If the variable is never defined inside a request vars key, it will retain its default value.

To access nested values inside a response we use a dot notation. Treating the output as an object. The more the dots, the deeper the depth inside the object

env:
  ###
  vars:
    token: test

requests:
  - name: "get users"
    method: "GET"
    endpoint: "{{ .url }}/users"
    headers:
      "Content-type": "application/json"
      "Authorization": "Bearer {{ .token }}"
    wantStatus: 200
    wantResponse: "{success}"
    vars:
      id: "data[0].id" # <-- assign value

In this scenario we want to assign a value dynamically to the id variable from the /users endpoint response. Given this as the /users output:

{
  "data": [
    {
      "age": 13,
      "id": "63995ba6-1d89-XXXX-9703-880a9cbdb986",
      "name": "Name Surname",
      "status": "",
      "username": "test"
    }
  ],
  "status": "success"
}

data is the first key which happens to be an array, so we need to define which i-th of it as well like any normal array. id is the key of said array.

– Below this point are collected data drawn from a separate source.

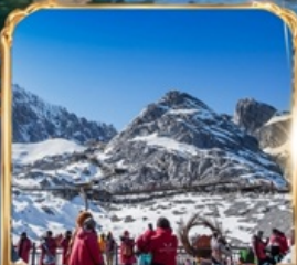
ภูเขาหิมะมังกรหยก +กระเช้าใหญ่
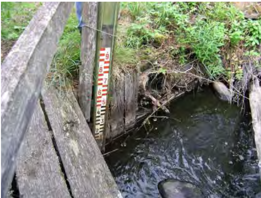
Återstoden av palissaden samt nivåmätare för flödet i Ybbarpsån.
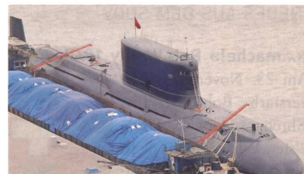
Chinesische U-Boote der «Yuan»-Klasse.

Pakistans Marine beschafft acht U-Boote aus China. Die ersten vier U-Boote sollen in China gebaut und 2022/23 ausgeliefert werden. Die restlichen U-Boote sollen dann mit technischer Unterstützung Chinas und Materialpaketen bis 2028 in Pakistan gebaut werden.
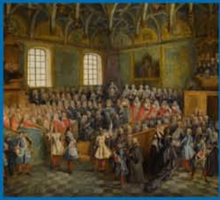
En couverture : Le Lit de justice tenu au Parlement à la majorité de Louis XV (22 février 1723), huile sur toile de Nicolas Lancret, 1723 (musée du Louvre). Présentation pp. 138-143.
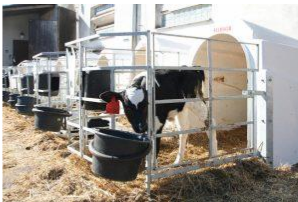
Obrázek 4.4: Individuální ustájení telat
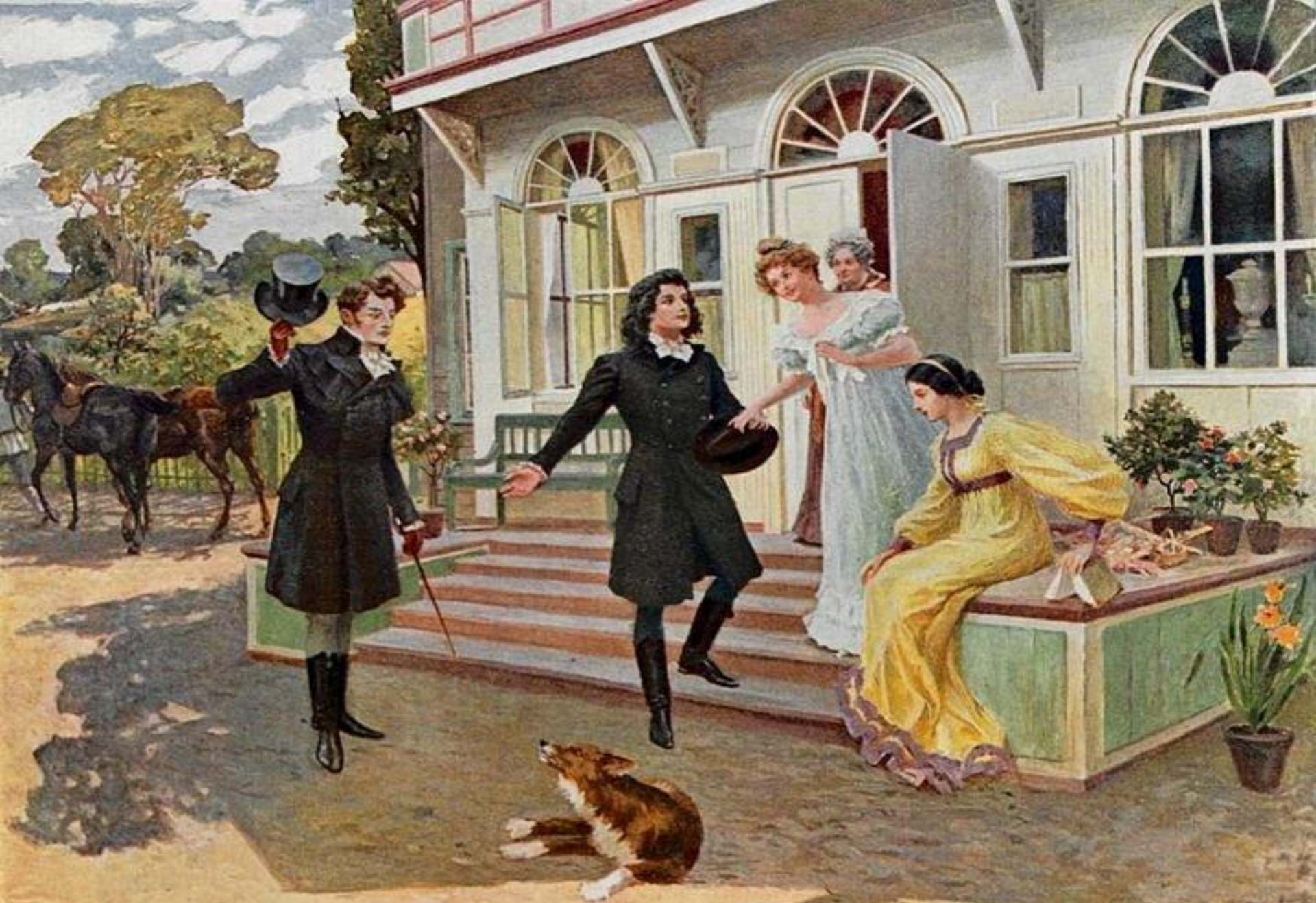
Приезд Онегина и Ленского к Лариным
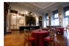
Salon des boiseries, musée des Arts Décoratifs, Paris.
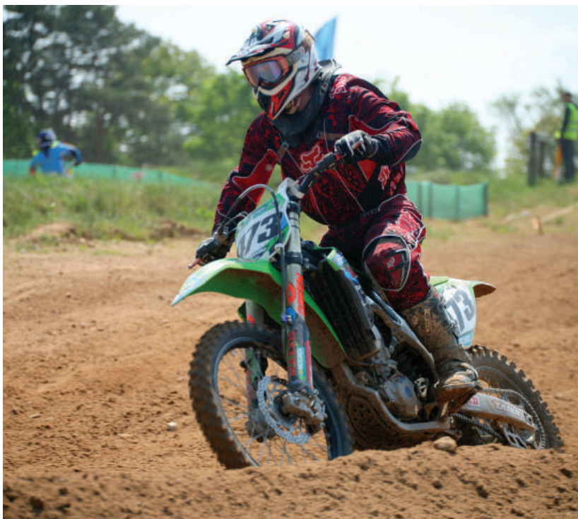
Paskutinis „Rokiškėnų taurė – 2016“ etapas uždarė motokroso sezoną.

Primename, kad liepos 17 d. vykusioje „Rokiškėnų taurės“ IV-ajame
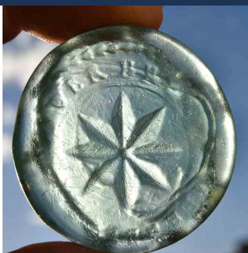
Kruhová skleněná pečeť s erbovním znamením v podobě osmicípé hvězdy

S ohledem na současné nepříznivé klimatické podmínky, především množství a intenzitu sněhových srážek, bylo nezbytné dočasně výzkumné práce přerušit a odkryté archeologické situace zabez-
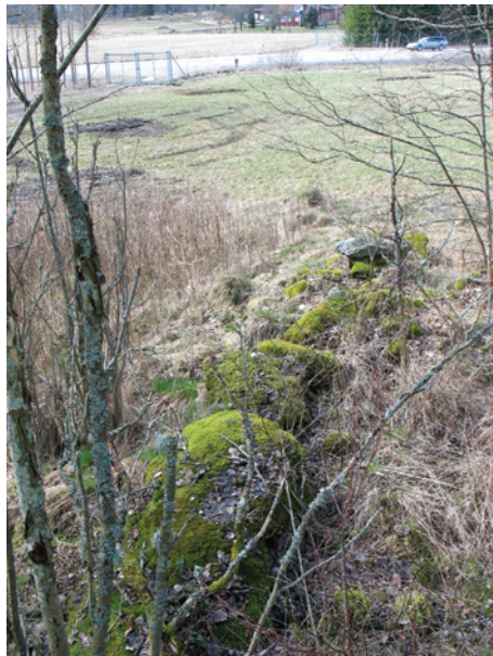
Figur 2. Den västra delen av stensträngen objekt B. Foto fr Ö J. Åhlström.

På den nordöstra sidan av vägen sammanfaller områdesgränsen med ett odlingsröse (objekt A). Röset är flackt, delvis övertorvat, 4 meter stort och runt. Det består av 0,3–0,5 meter stora stenar. Cirka 4–5 meter norr om röset ligger en stensträng (objekt B). Stensträngen är 17 meter lång (Ö-V), 0,5 meter bred och 0,2–0,5 meter hög. Den är en- och flerradig samt enskiktad. Det ingår ett stort block i stensträngen och dess östra del är nedsjunken. Till det stora blocket ansluter ytterligare en stensträng (objekt C). Stensträngen är 20 meter lång (N-S), 2 meter bred och 0,5 meter hög. Den är flerradig och flerskiktad. Stenarna är övermossade och 0,5–0,8 meter stora. I omgivningarna finns ytterligare ansamlad odlingssten i mur och sträng (utmed åkerkanterna och runt en befintlig sommarstuga) samt i röse. Eftersom det finns ett tydligt samband mellan merparten av lämningarna och övergången mellan skog och åker är de troligtvis sentida. På häradsekonomen är sambandet tydligt. Den något kortare av stensträngarna, objekt B, avviker dock härvidlag genom riktningen. Den strävar in mot skogen istället för att löpa utmed åkerkanten. Således kan denna stensträng avspegla ett äldre skede av uppodling än vad de övriga lämningarna gör.
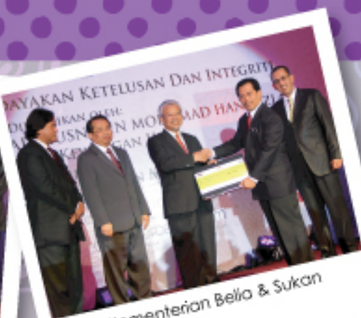
Kementerian Belia & Sukan
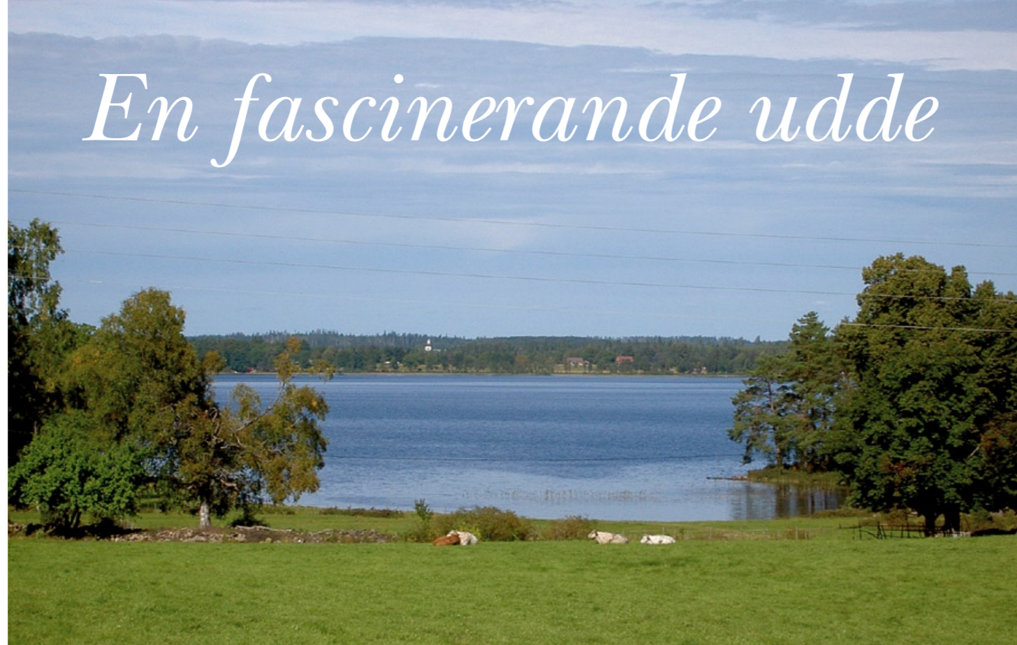
Landskapet bjuder på vackra öppna vyer. Här utsikt mot norr med Unnaryds kyrka.

Från den sydligaste udden på Nässja kan man ana gården Sjö på andra sidan. En urgröpt hålväg på backkrönet upp mot Nässja talar sitt tydliga språk. Många vagnar har genom tiderna gått av och an mellan sjöstranden där nere och gården där uppe. I synnerhet i tjällossningen när marken var mjuk gröpte sig kärrans hjul och oxarnas klövar djupt ner i vägen.

This would mean the variable id from its original value of 123213 is now 63995ba6-1d89-XXXX-9703-880a9cbdb986.

Build

make build

Bin is located in cmd/build

Usage

courier -config-file myconfig.yaml
courier # defaults to using courier.yaml or .courier/config.yaml in your current pwd

The output can be piped with jq

courier -config-file myconfig.yaml | jq
courier | jq

The flag -open to open each response inside the editor of preference, uses the enviroment $EDITOR value.

courier -open
courier -open -json # json flag to have it prettier
courier -open -editor nano # e flag to change the editor at need

The flag -test runs a test on all requests checking if the response status code matches with wantStatus and if the response contains wantResponse string.